# Mule



## dirty tools (Aug 30, 2020)

It is time to get back to work you my mule (M274A5)
I am upgrading it. Removed the cable hand crank, installed a electric starter(12 volt) installed a GM self excite alternate and electric system.
removed the gas tank to change the fuel lines and install electric fuel pump and pre pump filter.
 I started the project several years ago.
Today I moved it out and started with the fuel return line. I need a section of gas hose to plum in the filter and pump.
 The pump is from my spare Hummer parts. The need less than 10 pressure.

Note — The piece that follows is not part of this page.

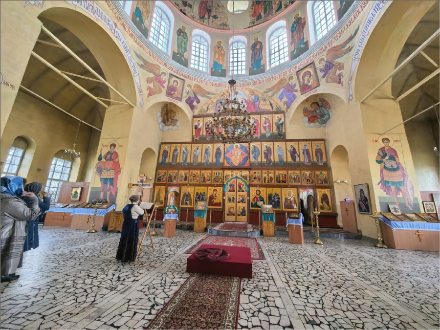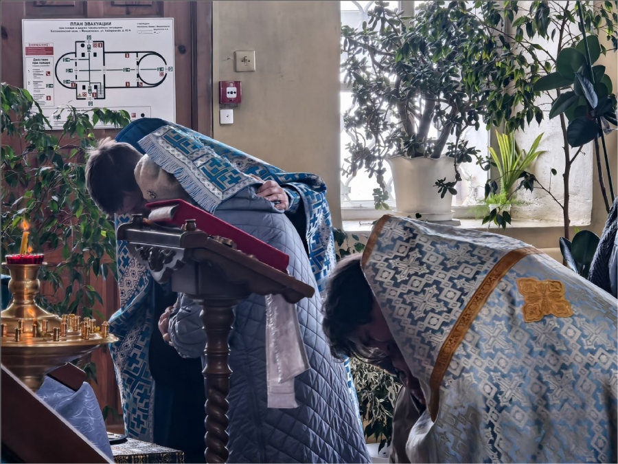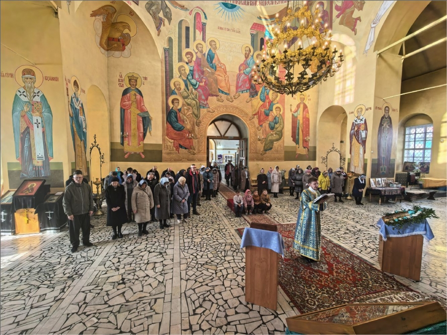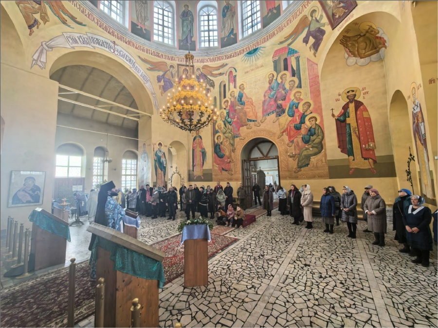 На сугубой и мирной ектениях были вознесены молитвы о Российском воинстве и о мире. Проповедь по запричастном стихе произнес иеромонах Кирилл (Забавнов).

The carburetor does no base a float, a 1/8” return line instead and mechanic pump ( can be a itch to start at times) electric pump will take care of that.


----------



## Aukai (Aug 31, 2020)

The carburetor does no base a float 
I'm not sure what that means...
Carburetors that I have worked with are in the 6-7 psi(max) range for needle, and seat to work properly.


----------



## Superburban (Aug 31, 2020)

Unless you swapped carbs, and that is the engine I am thinking of, it has a float, IIRC it is made of compressed cork, and does not like this ethanol fuel well. I have a couple of generators that have its smaller brothers engine. I looked for a while and finaly found a close match, which did not take much adapting to work.


----------